[Data extracted from a collection]
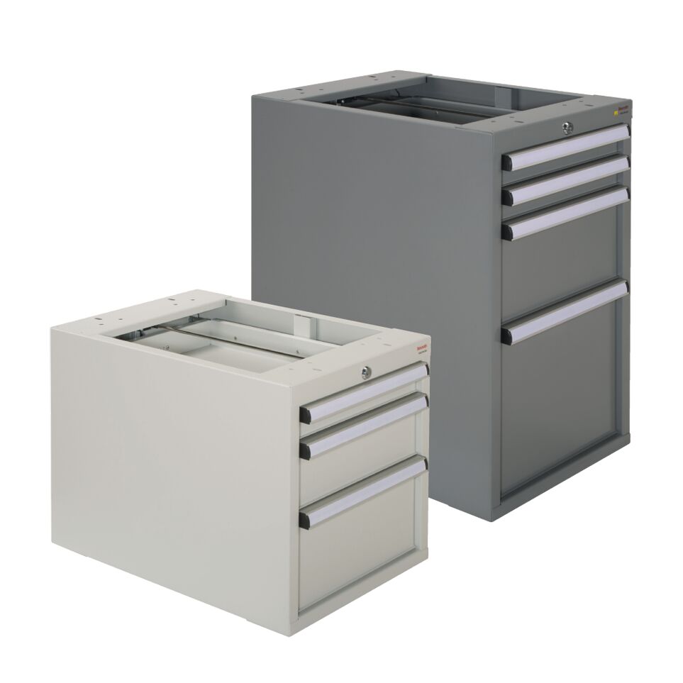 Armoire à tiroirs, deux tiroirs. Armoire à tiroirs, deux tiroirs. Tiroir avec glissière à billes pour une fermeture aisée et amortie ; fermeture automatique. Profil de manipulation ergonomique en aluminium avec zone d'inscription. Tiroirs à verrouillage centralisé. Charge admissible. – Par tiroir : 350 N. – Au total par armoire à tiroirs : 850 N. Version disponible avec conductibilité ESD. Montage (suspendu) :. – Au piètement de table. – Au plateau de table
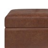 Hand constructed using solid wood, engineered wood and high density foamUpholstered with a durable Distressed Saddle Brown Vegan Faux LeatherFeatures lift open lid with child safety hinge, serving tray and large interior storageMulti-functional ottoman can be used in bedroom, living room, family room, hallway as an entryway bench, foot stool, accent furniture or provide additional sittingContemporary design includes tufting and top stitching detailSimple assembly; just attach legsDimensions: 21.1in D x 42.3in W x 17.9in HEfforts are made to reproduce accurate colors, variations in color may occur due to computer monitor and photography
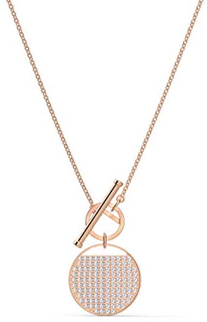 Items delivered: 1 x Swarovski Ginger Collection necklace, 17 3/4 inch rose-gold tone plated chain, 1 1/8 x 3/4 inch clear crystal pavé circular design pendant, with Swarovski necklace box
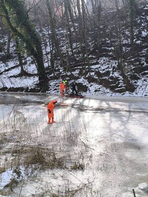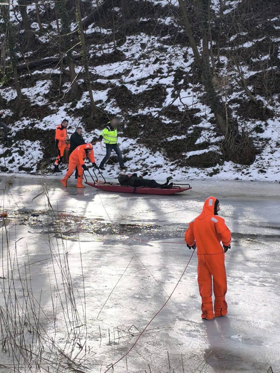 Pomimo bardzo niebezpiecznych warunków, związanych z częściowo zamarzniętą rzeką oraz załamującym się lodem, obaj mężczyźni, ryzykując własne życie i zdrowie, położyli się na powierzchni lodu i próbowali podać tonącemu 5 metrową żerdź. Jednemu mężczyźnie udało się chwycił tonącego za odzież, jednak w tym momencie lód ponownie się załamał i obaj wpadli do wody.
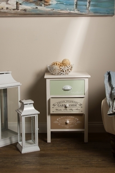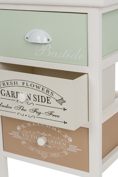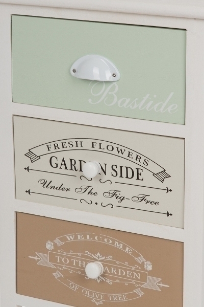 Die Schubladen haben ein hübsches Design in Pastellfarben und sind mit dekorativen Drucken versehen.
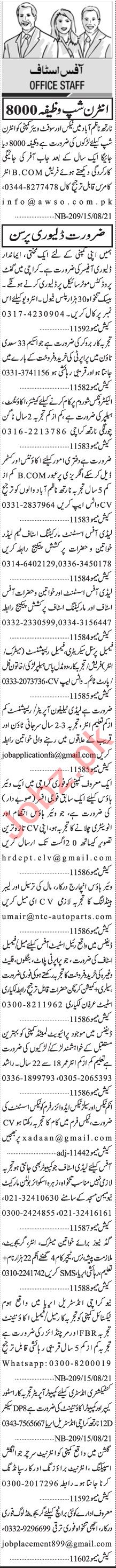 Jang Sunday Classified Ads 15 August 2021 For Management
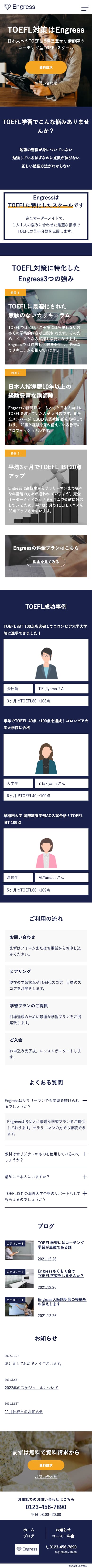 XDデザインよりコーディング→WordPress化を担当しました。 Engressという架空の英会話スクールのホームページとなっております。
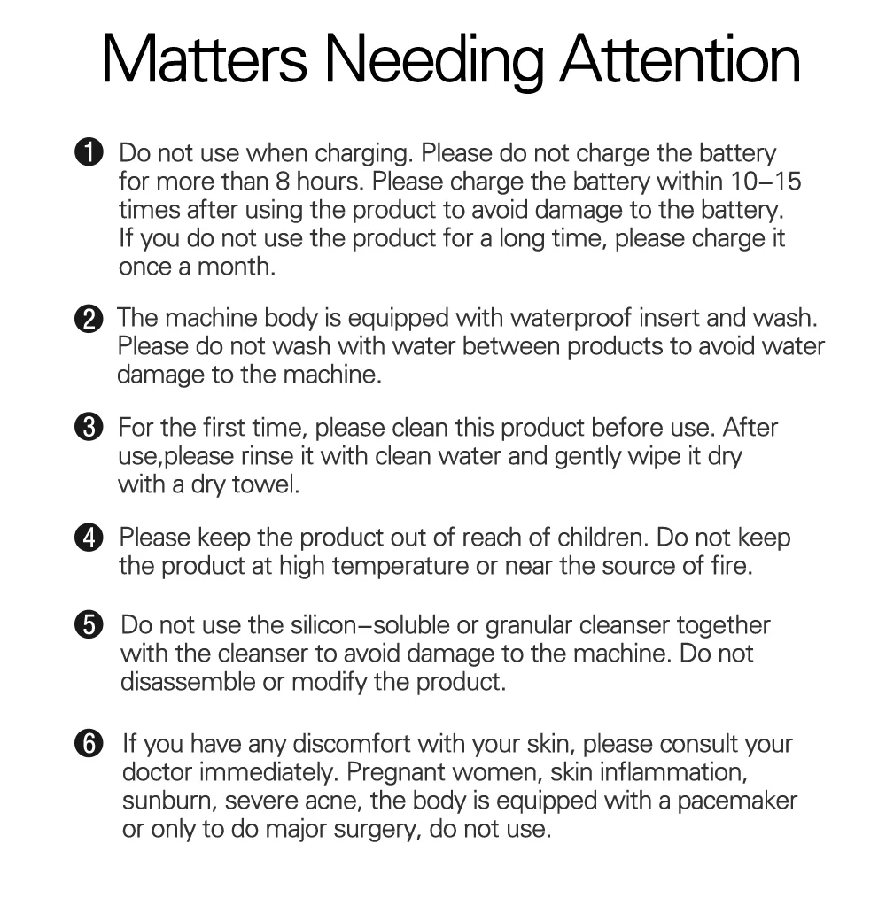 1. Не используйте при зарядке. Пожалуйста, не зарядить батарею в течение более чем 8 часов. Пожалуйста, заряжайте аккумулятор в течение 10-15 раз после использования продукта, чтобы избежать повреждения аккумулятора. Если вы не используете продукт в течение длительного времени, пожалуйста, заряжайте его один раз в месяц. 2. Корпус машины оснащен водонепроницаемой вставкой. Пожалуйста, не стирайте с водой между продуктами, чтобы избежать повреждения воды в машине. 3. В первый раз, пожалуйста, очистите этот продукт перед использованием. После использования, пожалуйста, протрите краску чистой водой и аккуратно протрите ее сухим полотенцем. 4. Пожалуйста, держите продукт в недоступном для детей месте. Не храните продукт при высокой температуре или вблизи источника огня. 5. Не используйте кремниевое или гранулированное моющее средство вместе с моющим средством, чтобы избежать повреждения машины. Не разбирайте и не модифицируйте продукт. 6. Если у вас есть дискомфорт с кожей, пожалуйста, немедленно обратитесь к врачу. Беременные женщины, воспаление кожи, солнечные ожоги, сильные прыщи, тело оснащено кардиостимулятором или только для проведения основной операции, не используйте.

● **Activity**
A complete and exact copy of the records is required. Exclude the pictures.

● **Your solution**
 Armoire à tiroirs, deux tiroirs. Armoire à tiroirs, deux tiroirs. Tiroir avec glissière à billes pour une fermeture aisée et amortie ; fermeture automatique. Profil de manipulation ergonomique en aluminium avec zone d'inscription. Tiroirs à verrouillage centralisé. Charge admissible. – Par tiroir : 350 N. – Au total par armoire à tiroirs : 850 N. Version disponible avec conductibilité ESD. Montage (suspendu) :. – Au piètement de table. – Au plateau de table
 Hand constructed using solid wood, engineered wood and high density foamUpholstered with a durable Distressed Saddle Brown Vegan Faux LeatherFeatures lift open lid with child safety hinge, serving tray and large interior storageMulti-functional ottoman can be used in bedroom, living room, family room, hallway as an entryway bench, foot stool, accent furniture or provide additional sittingContemporary design includes tufting and top stitching detailSimple assembly; just attach legsDimensions: 21.1in D x 42.3in W x 17.9in HEfforts are made to reproduce accurate colors, variations in color may occur due to computer monitor and photography
 Items delivered: 1 x Swarovski Ginger Collection necklace, 17 3/4 inch rose-gold tone plated chain, 1 1/8 x 3/4 inch clear crystal pavé circular design pendant, with Swarovski necklace box
 Pomimo bardzo niebezpiecznych warunków, związanych z częściowo zamarzniętą rzeką oraz załamującym się lodem, obaj mężczyźni, ryzykując własne życie i zdrowie, położyli się na powierzchni lodu i próbowali podać tonącemu 5 metrową żerdź. Jednemu mężczyźnie udało się chwycił tonącego za odzież, jednak w tym momencie lód ponownie się załamał i obaj wpadli do wody.
 Die Schubladen haben ein hübsches Design in Pastellfarben und sind mit dekorativen Drucken versehen.
 Jang Sunday Classified Ads 15 August 2021 For Management
 XDデザインよりコーディング→WordPress化を担当しました。 Engressという架空の英会話スクールのホームページとなっております。
 1. Не используйте при зарядке. Пожалуйста, не зарядить батарею в течение более чем 8 часов. Пожалуйста, заряжайте аккумулятор в течение 10-15 раз после использования продукта, чтобы избежать повреждения аккумулятора. Если вы не используете продукт в течение длительного времени, пожалуйста, заряжайте его один раз в месяц. 2. Корпус машины оснащен водонепроницаемой вставкой. Пожалуйста, не стирайте с водой между продуктами, чтобы избежать повреждения воды в машине. 3. В первый раз, пожалуйста, очистите этот продукт перед использованием. После использования, пожалуйста, протрите краску чистой водой и аккуратно протрите ее сухим полотенцем. 4. Пожалуйста, держите продукт в недоступном для детей месте. Не храните продукт при высокой температуре или вблизи источника огня. 5. Не используйте кремниевое или гранулированное моющее средство вместе с моющим средством, чтобы избежать повреждения машины. Не разбирайте и не модифицируйте продукт. 6. Если у вас есть дискомфорт с кожей, пожалуйста, немедленно обратитесь к врачу. Беременные женщины, воспаление кожи, солнечные ожоги, сильные прыщи, тело оснащено кардиостимулятором или только для проведения основной операции, не используйте.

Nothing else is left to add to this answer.